A equipe de reportagem do Diario de Pernambuco circulou por corredores viários movimentados da capital pernambucana, como a Avenida Dantas Barreto e a Avenida Guararapes, ambas na área central, e constatou a insegurança dos passageiros que, mesmo aguardando os ônibus em paradas cheias, sentem-se inseguros.
A agente de call center Eduarda Soares, de 27 anos, trabalha há oito meses no Centro e relata que precisou mudar de horário para pegar ônibus mais cedo na volta para casa. Ela conta que dois assaltos envolvendo funcionárias da empresa onde trabalha chamaram a atenção dos passageiros recentemente.
“Há oito meses que eu trabalho aqui no Centro da cidade, e há oito meses que eu não vejo uma viatura da polícia. Em um mês, teve dois assaltos com funcionárias da empresa. O primeiro, no começo do mês, aconteceu quando um homem roubou o iPhone dela e, quando a namorada reagiu, levou um empurrão e caiu com o rosto no chão. Ontem, na quarta-feira (21), puxaram uma peixeira para outra funcionária. Aqui no Centro está um caos, e eu e minha amiga estamos largando mais cedo por conta desses assaltos”, complementa Eduarda, que pega ônibus diariamente na Avenida Dantas Barreto, nas proximidades da Basílica de Nossa Senhora do Carmo.
Enquanto entrevistava a passageira, a equipe do Diario foi aconselhada diversas vezes, por diferentes passageiros, a redobrar o cuidado com os equipamentos, uma vez que os furtos e roubos na localidade eram frequentes.
Na Avenida Guararapes, o cenário não é diferente. Passageiros acumulados em diferentes paradas, mas com insegurança. As mochilas na parte da frente do corpo, celulares guardados nos bolsos e o receio de qualquer abordagem mostram o medo na volta para casa a partir das 18h.
“Já vi vários casos de assalto por aqui.
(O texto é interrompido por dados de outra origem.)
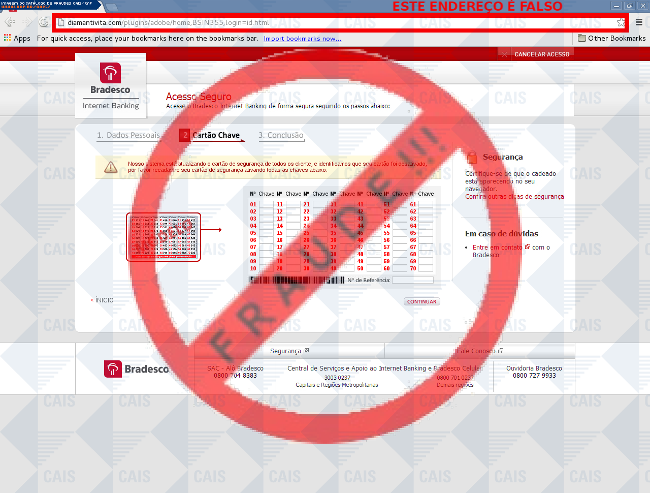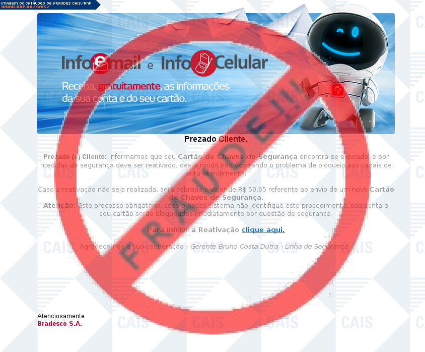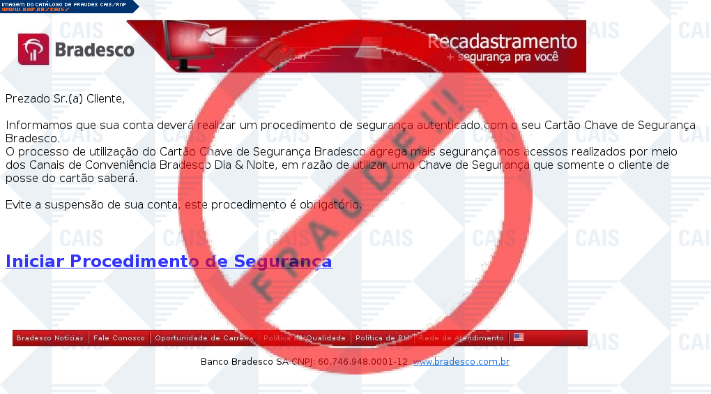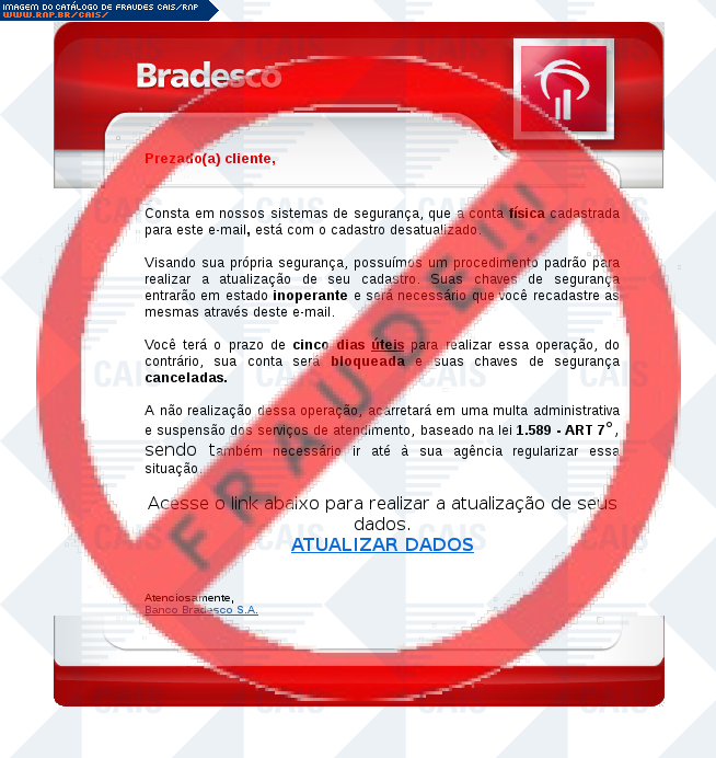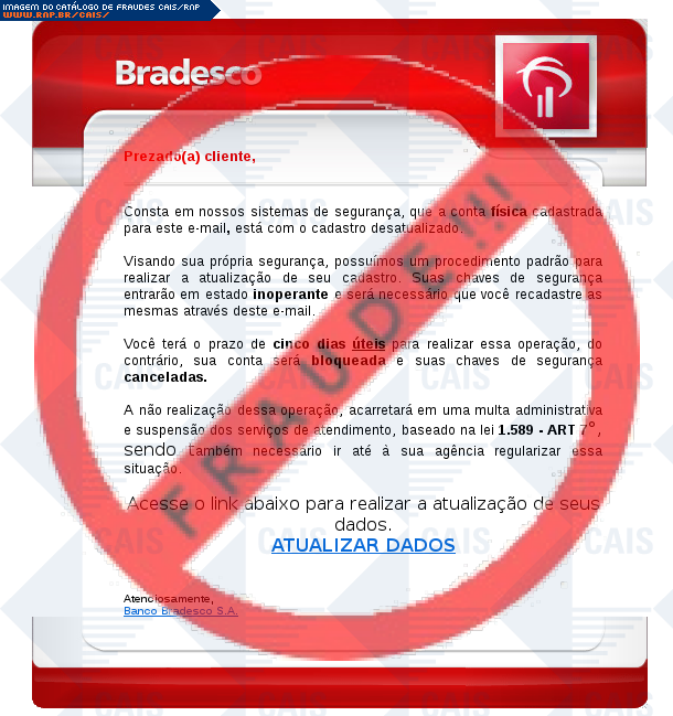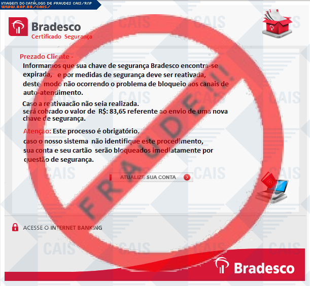 | comentário | O usuário recebe um e-mail informando que sua chave de segurança da conta do banco Bradesco encontra-se desatualizado sendo necessário realizar a atualização no link disponibilizado, entretanto a página fornecida é falsa criada para roubar os dados bancários... (leia mais) | |
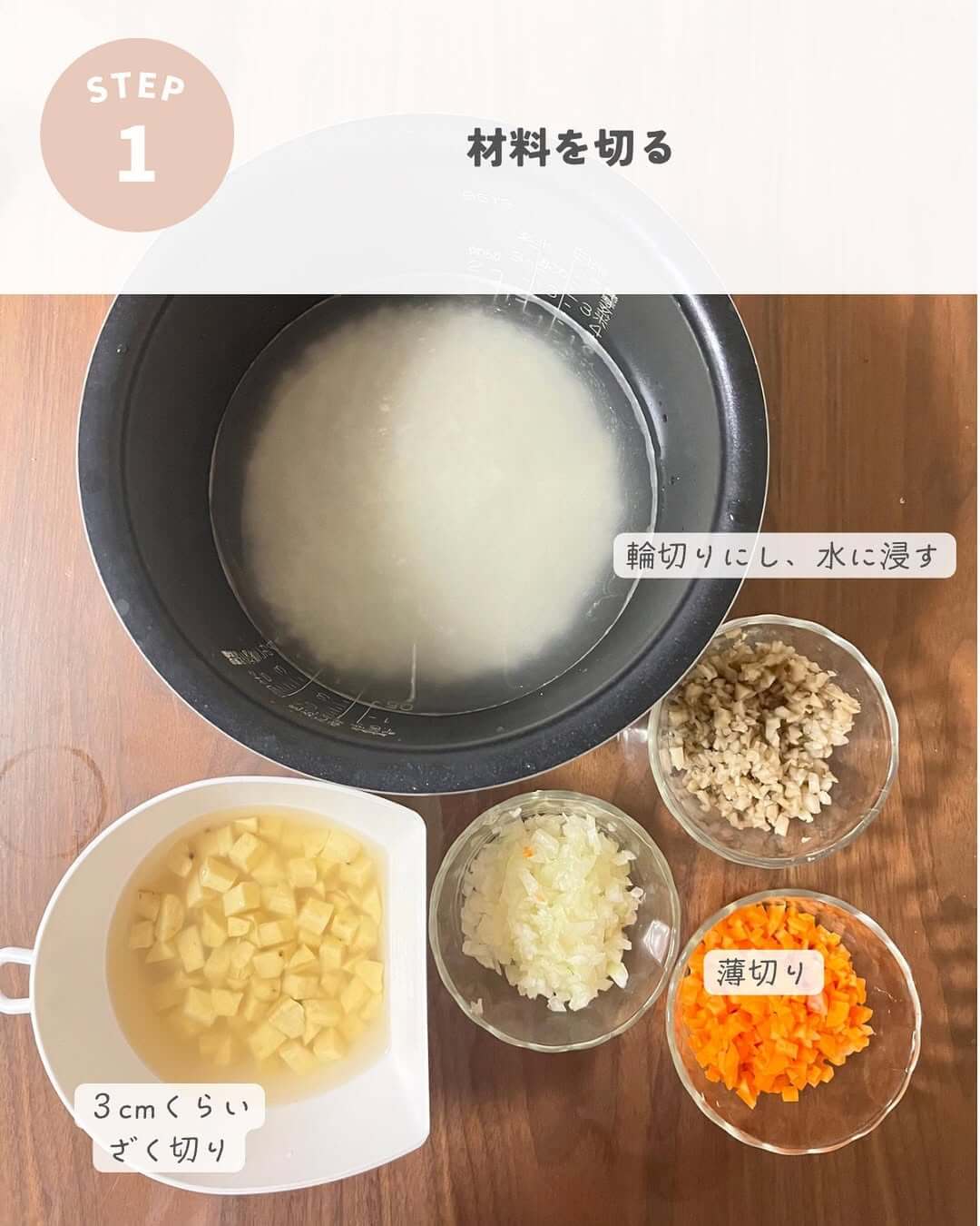 さつまいもとボーンブロス(または水+コンソメ)を加え、
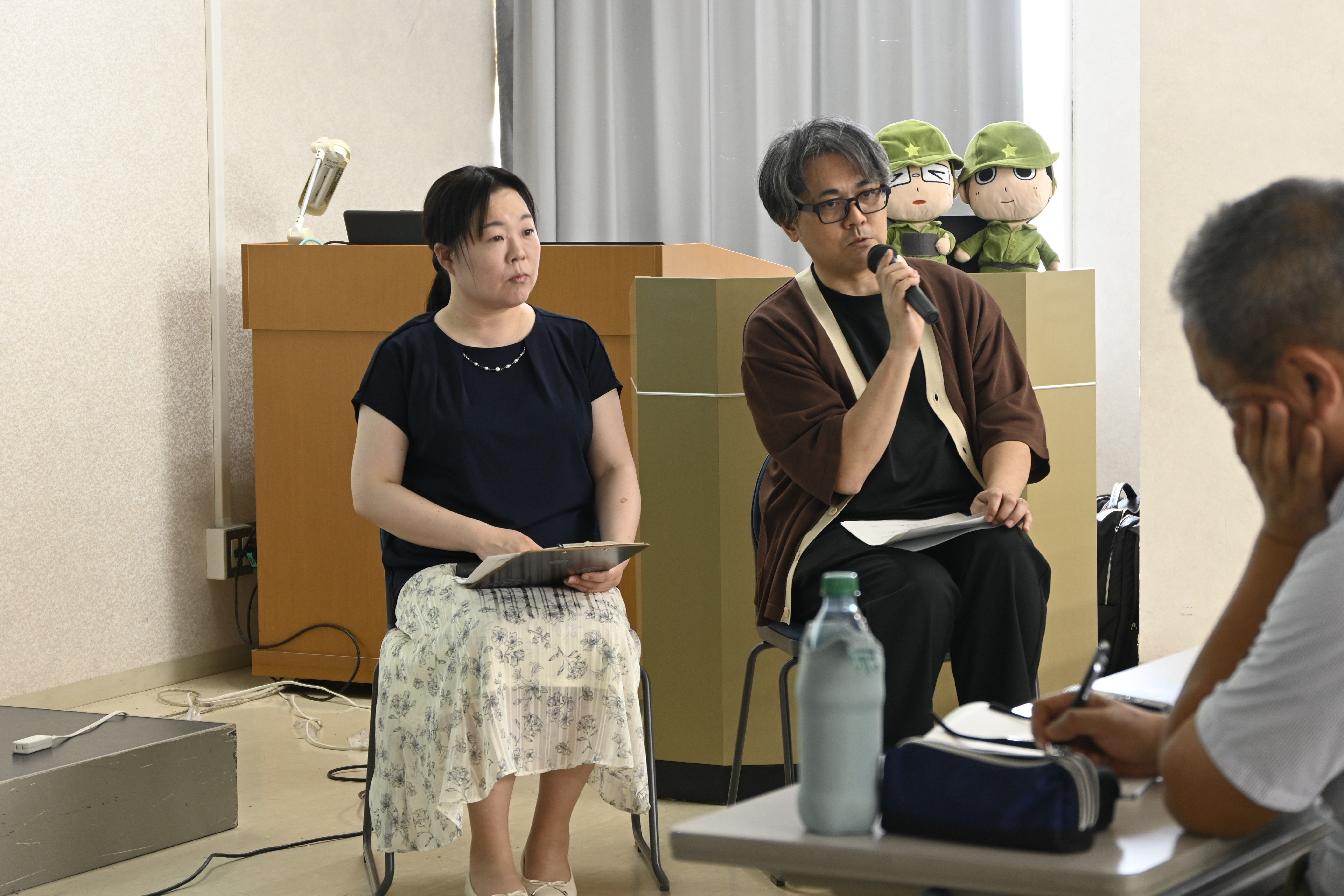 表現活動を通じた戦争の記憶の継承について意見を交わす武田さん(右)と小栁さん=22日午後、宇都宮市上戸祭4丁目
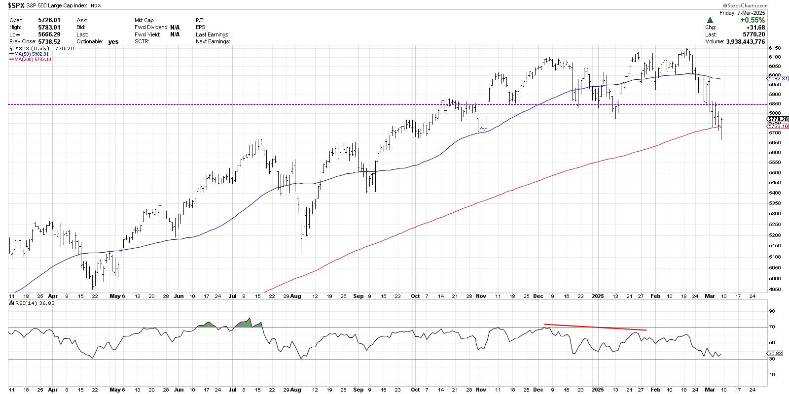 But what if we apply a Fibonacci framework to the last big upswing during the previous bull phase? Using the August 2024 low and December 2024 high, that results in a 38.2% retracement level at 5722, almost precisely at the 200-day moving average. So now we have a “confluence of support” right at this week’s price range.
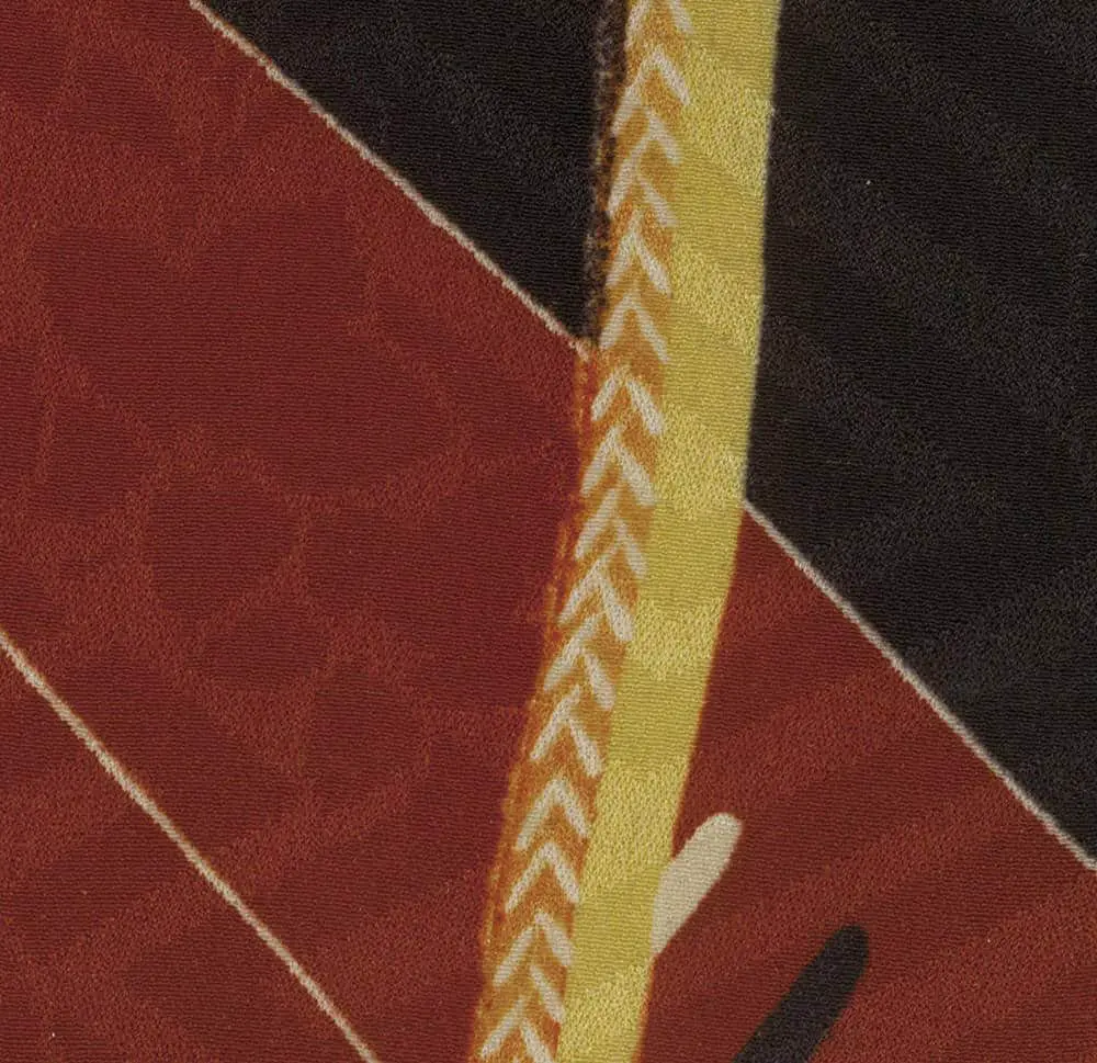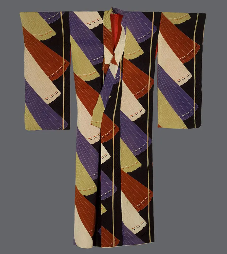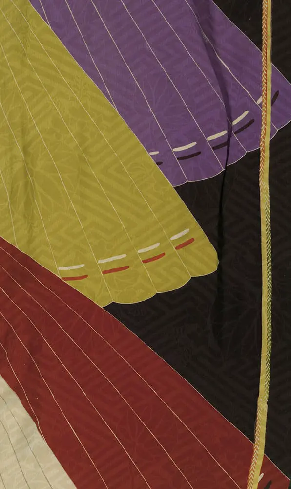 The aesthetic approach reflects influences from both Art Deco's geometric boldness and traditional Japanese design principles, particularly the concept of asymmetrical balance and the use of negative space. The fans themselves carry deep cultural significance as symbols of prosperity, good fortune, and the gradual unfolding of happiness, while their geometric interpretation speaks to the period's embrace of modernity. The parallel stitching lines that traverse each colored section create additional textural interest and emphasize the textile's construction, while the subtle gradations within each colored band reveal the artisan's mastery of stenciling techniques.
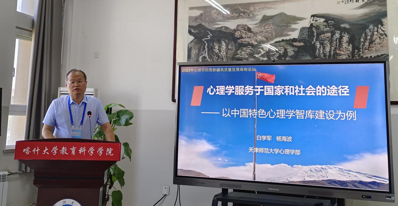 2023年7月13日,由新疆心理學(xué)會(huì)主辦,喀什大學(xué)教育科學(xué)學(xué)院、新疆師范大學(xué)心理學(xué)院、新疆心智發(fā)展與學(xué)習(xí)科學(xué)重點(diǎn)實(shí)驗(yàn)室承辦的“心理學(xué)助推新疆高質(zhì)量發(fā)展”高端論壇在喀什大學(xué)隆重召開(kāi)。會(huì)議由喀什大學(xué)教育科學(xué)學(xué)院黨委書(shū)記余鵬教授主持,喀什大學(xué)校黨委副書(shū)記趙斌同志出席會(huì)議并致辭。

Na semana passada, meu amigo, que trabalha na mesma empresa que eu, foi assaltado quando voltava para casa. O cara estava com uma faca e pedindo comida. Como meu amigo não tinha, levaram dinheiro dele. A gente fica com medo da situação porque a gente não tem segurança aqui, infelizmente. Poderia melhorar o policiamento. Trabalho há dois anos aqui no Centro e já presenciei uns 10 assaltos”, conta a gente de call center Elaine Cristina, de 35 anos.
Em resposta à criminalidade no setor, a SDS destaca ações como a Operação Transporte Seguro, que realiza abordagens diárias em coletivos e paradas de ônibus, e a Operação Medina, voltada para combater práticas como vandalismo e “surf” em ônibus durante finais de semana e eventos. Além disso, a Força-Tarefa Coletivos analisa o perfil dos crimes e identifica padrões para orientar ações de combate mais eficazes.
A pasta ainda destaca que, das 570 mil viagens realizadas por mês pelo Sistema de Transporte Metropolitano, 46 registros de roubos a ônibus ocorreram em abril do ano passado, caindo para 30 ocorrências no mesmo período deste ano.
“Uma das coisas que eu vou bater na tecla novamente, que em toda audiência pública eu tenho repetido, é que, quando nós tínhamos aquelas blitz de abordagem dos veículos, era maravilhoso. Aquilo funcionava. Até porque, na abordagem, qualquer indivíduo que estivesse com mandado de prisão era identificado”, afirma o presidente do sindicato, Roberto Carlos.